Assignment
Only the pictures are to be left out; return the rest of the data exactly as it stands.

Material shown
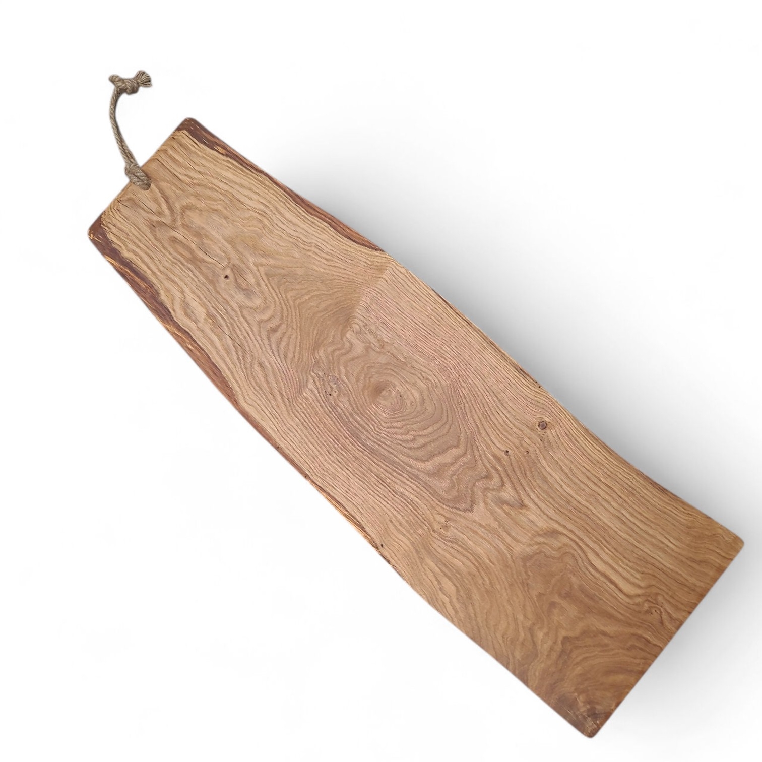 De lengte van deze plank is ongeveer 100cm, de breedte is verschillend, maar kan soms wel 30cm zijn op zijn breedst. De planken zijn foodsafe.
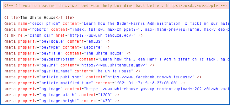 …which was embedded as an HTML comment at the top of every web page on the new administration’s White House website:
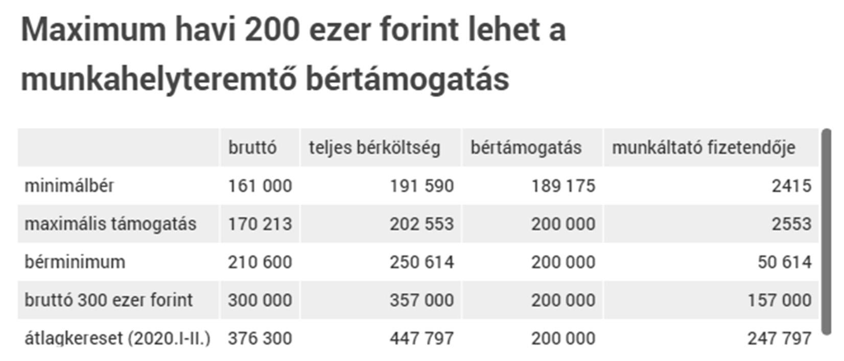 Ez az összeg bruttó 162 107 forintos fizetésnél jön ki, ami alig több, mint a 161 ezer forintos minimálbér. Ez az átlag úgy lehetséges, ha a kormány arra számít, hogy a támogatott munkavállalók zöme, tízből mintegy 8 újonnan felvett dolgozó minimálbéres lesz.
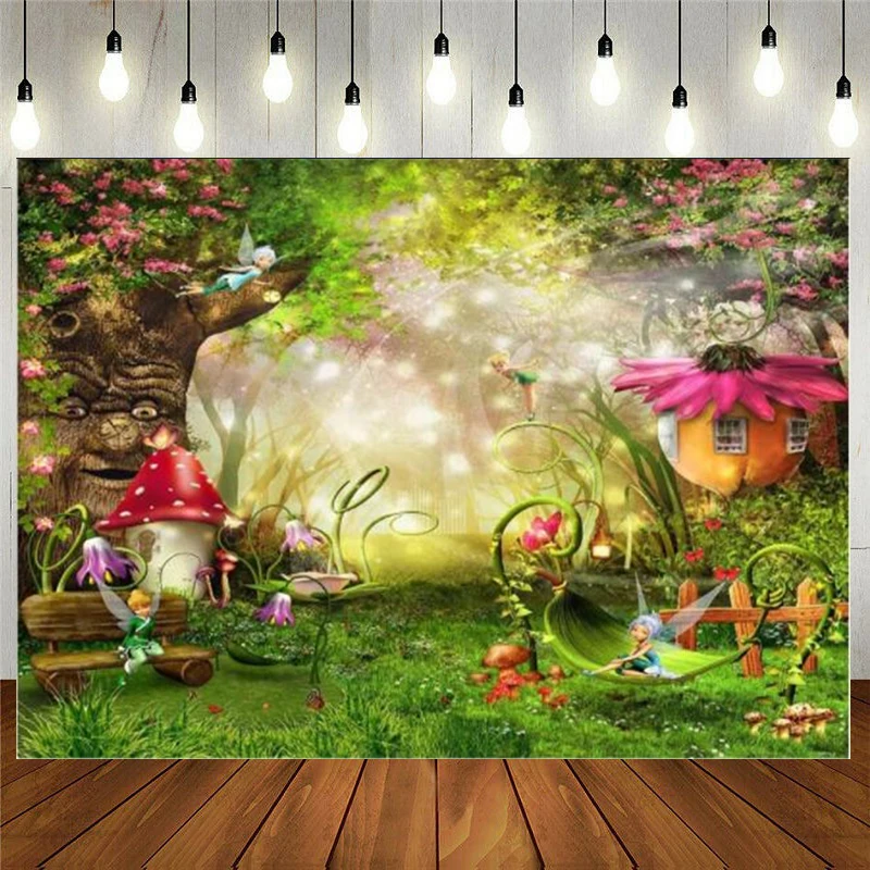 Фон для фотосъемки с изображением волшебного леса, волшебного большого дерева, гриба, украшения для дня рождения, баннера
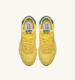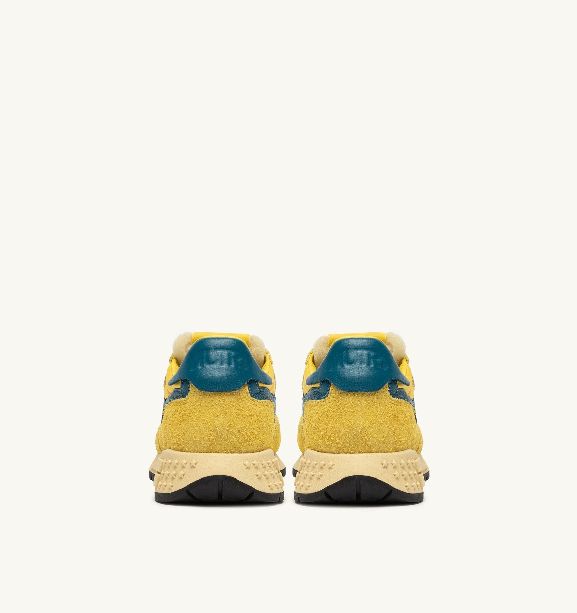 Ce modèle pour homme est conçu dans un mélange de nylon et suede jaune, avec des empiècements latéraux en cuir bleu qui lui donnent une allure résolument graphique.
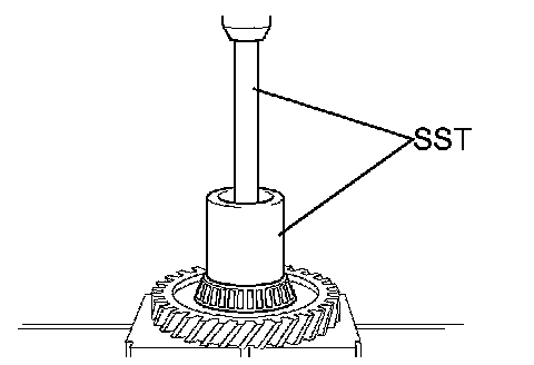 (b) Using SST and a press, install the tapered roller bearing to the counter drive gear.

Reply
 De lengte van deze plank is ongeveer 100cm, de breedte is verschillend, maar kan soms wel 30cm zijn op zijn breedst. De planken zijn foodsafe.
 …which was embedded as an HTML comment at the top of every web page on the new administration’s White House website:
 Ez az összeg bruttó 162 107 forintos fizetésnél jön ki, ami alig több, mint a 161 ezer forintos minimálbér. Ez az átlag úgy lehetséges, ha a kormány arra számít, hogy a támogatott munkavállalók zöme, tízből mintegy 8 újonnan felvett dolgozó minimálbéres lesz.
 Фон для фотосъемки с изображением волшебного леса, волшебного большого дерева, гриба, украшения для дня рождения, баннера
 Ce modèle pour homme est conçu dans un mélange de nylon et suede jaune, avec des empiècements latéraux en cuir bleu qui lui donnent une allure résolument graphique.
 (b) Using SST and a press, install the tapered roller bearing to the counter drive gear.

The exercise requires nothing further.